= Roderick O'Flaherty =

Irish historian (1629–1716/18)

Roderick O'Flaherty (Ruaidhrí Ó Flaithbheartaigh; 1629–1718 or 1716) was an Irish historian.

==Biography==

He was born in County Galway and inherited Moycullen Castle and estate.

O'Flaherty was the last de jure Lord of Iar Connacht, and the last recognised Chief of the Name of Clan O'Flaherty. He lost the greater part of his ancestral estates to Cromwellian confiscations in the 1650s. The remainder was stolen through deception, by his son's Anglo-Irish father-in-law, Richard "Nimble Dick" Martin of Ross. As Martin had given service to some captured Williamite officers, he was allowed to keep his lands. It was therefore arranged that to protect from confiscation, 200,000 acres of Connemara lands held by O'Flahertys, Joyces, Lees, and others were transferred into Martin's name with the trust that they would be returned. However, Martin betrayed his former friends and neighbours and kept all of their lands.

Uniquely among the O'Flaherty family up to that time, Roderick became a highly regarded historian and collector of Irish manuscripts. His friends and associates included his teacher Dubhaltach MacFhirbhisigh; Daibhidh Ó Duibhgheannáin; John Lynch; Edward Lluyd; Samuel Moleneaux and his father William. O'Flaherty's published works included Ogygia and Iar Connacht.

He is often associated with his elaborate history of Ireland, Ogygia, published in 1685 as Ogygia: Seu Rerum Hibernicarum Chronologia & etc., in 1793 translated into English by Rev. James Hely under the full title Ogygia, or a Chronological Account of Irish Events (Collected from Very Ancient Documents Faithfully Compared with Each Other & Supported by the Genealogical & Chronological Aid of the Sacred and Profane Writings of the Globe).

Ogygia is the island of Calypso, used by O'Flaherty as an allegory for Ireland. Drawing from numerous ancient documents, Ogygia traces Irish history back to the ages of mythology and legend, before the 1st century. The book credits Milesius as the progenitor of the Goidelic people. O'Flaherty had included in his history what purported to be an essay on the understanding of the ancient Ogham alphabet. Based on the 1390 Auraicept na n-Éces, he stated that each letter was named after a tree, a concept widely accepted in 17th-century Ireland.

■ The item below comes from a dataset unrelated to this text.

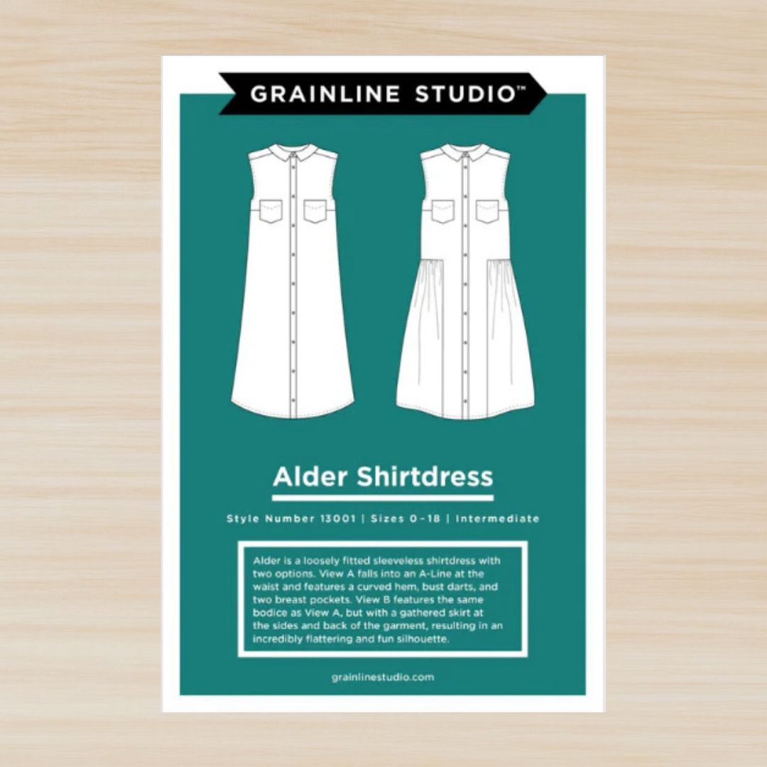 Alder is a loosely fitted sleeveless shirt dress with two options. View A falls into an A-Line at the waist and features a curved hem, bust darts and two breast pockets. View B features the same bodice as View A but with a gathered skirt at the sides and back of the garment resulting in an incredibly flattering and fun silhouette. The Alder Shirtdress is a perfect breezy option to keep cool while looking great all spring and summer long or throw on a cardigan or blazer and you’re all set for fall and winter!

Ogygia was immediately criticised for its scholarship by George Mackenzie of Rosehaugh (1636–91), Dean of Faculty (1682) at Aberdeen. The arguments about O'Flaherty's work continued well into the 18th century, culminating in the 1775 The Ogygia Vindicated by the historian Charles O'Conor, in which he adds explanatory footnotes to the original work.

Thomas Molyneux visited O'Flaherty on 21 April 1709 and left the following eyewitness account:

I went to vizit old Flaherty, who lives, very old, in a miserable condition at Park, some 3 hours west of Gallway, in Hiar or West-Connaught. I expected to have seen here some old Irish manuscripts, but his ill fortune has stripp'd him of these as well as his other goods, so that he has nothing now left but some few of his own writing, and a few old rummish books of history printed. In my life I never saw so strangely stony and wild a country. I did not see all this way 3 living creatures, not one house or ditch, not one bit of corn, nor even, I might say, a bit of land, for stones: in short nothing appear'd but stones and sea, nor could I conceive an inhabited country so destitute of all signs of people and art as this is.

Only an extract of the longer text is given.